Contributing

Contributing to Biosample Enricher

Thank you for your interest in contributing to Biosample Enricher! This document provides guidelines and instructions for contributing to the project.

Table of Contents

Code of Conduct
Getting Started
Development Setup
Development Workflow
Code Standards
Testing Guidelines
Submitting Changes
Adding New Features
Documentation
Getting Help

Code of Conduct

We are committed to providing a welcoming and inclusive environment.
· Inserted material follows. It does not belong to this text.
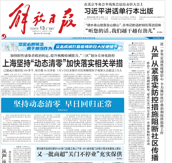 政知君注意到,4月13日,《解放日报》头版刊发了评论文章——《坚持动态清零 早日回归正常》。

Please be respectful and professional in all interactions.

Getting Started

Prerequisites

Python 3.11 or higher
UV package manager (recommended)
Git
GitHub account

Finding an Issue

Browse open issues
Look for issues tagged with good first issue for beginner-friendly tasks
Comment on the issue to let others know you’re working on it
If you have a new idea, open an issue first to discuss it

Development Setup

1. Fork and Clone

# Fork the repository on GitHub, then clone your fork
git clone https://github.com/YOUR_USERNAME/biosample-enricher.git
cd biosample-enricher

2. Set Up Development Environment

# Complete development setup (installs all dependencies and pre-commit hooks)
make dev-setup

This command:

Installs UV if not present
Syncs all dependencies (including dev dependencies)
Installs pre-commit hooks

3. Verify Installation

# Run fast tests to verify setup
make test-fast

# Check code quality
make dev-check

Development Workflow

Branch Naming

Use descriptive branch names with issue numbers:

git checkout -b 123-add-air-quality-provider
git checkout -b 145-move-demo-files
git checkout -b 152-add-docstring-examples

Making Changes

Create a feature branch from main:

git checkout main
git pull origin main
git checkout -b your-branch-name

Make your changes following our Code Standards

Test your changes:

# Run fast tests (unit + integration, no network)
make test-fast

# Run all quality checks
make dev-check

Commit your changes:

git add .
git commit -m "Brief description of changes

- Detailed bullet points
- Explaining the changes

Closes #123"

Pre-commit Hooks

Pre-commit hooks automatically run on every commit:

backup-precious: Backs up LLM-generated files
trim-trailing-whitespace: Removes trailing whitespace
fix-end-of-files: Ensures files end with newline
check-merge-conflicts: Prevents merge conflict markers
check-case-conflicts: Prevents case-sensitive filename issues
check-json: Validates JSON files
check-yaml: Validates YAML files
ruff-format: Auto-formats Python code
ruff: Lints Python code
mypy: Type checks Python code

If hooks fail, fix the issues and commit again.

Code Standards

Python Style

We follow strict code quality standards enforced by automated tools:

Type Annotations (Required)

# ✅ Good: Complete type annotations
def fetch_elevation_data(
    latitude: float,
    longitude: float,
    providers: list[str] | None = None,
    *,
    timeout_seconds: float = 30.0,
) -> list[Observation]:
    """Fetch elevation with complete type safety."""
    pass

# ❌ Bad: Missing types
def fetch_elevation_data(latitude, longitude, providers=None):
    pass

Use modern Python 3.10+ union syntax: str | None instead of Optional[str]
Full type hints for all public functions and methods
mypy strict mode compliance

Import Standards (Absolute Requirement)

# ✅ Good: All imports at top
from datetime import datetime
from typing import Any

from pydantic import BaseModel

from biosample_enricher.models import Observation

# ❌ Bad: Conditional imports
try:
    import optional_package
    HAS_OPTIONAL = True
except ImportError:
    HAS_OPTIONAL = False

ALL imports at top of file
NO conditional imports or try/except around imports
Handle optional functionality through runtime configuration

Path Resolution

# ✅ Good: Use centralized utilities
from biosample_enricher.paths import get_project_root, get_logs_dir

log_file = get_logs_dir() / f"operation_{timestamp}.log"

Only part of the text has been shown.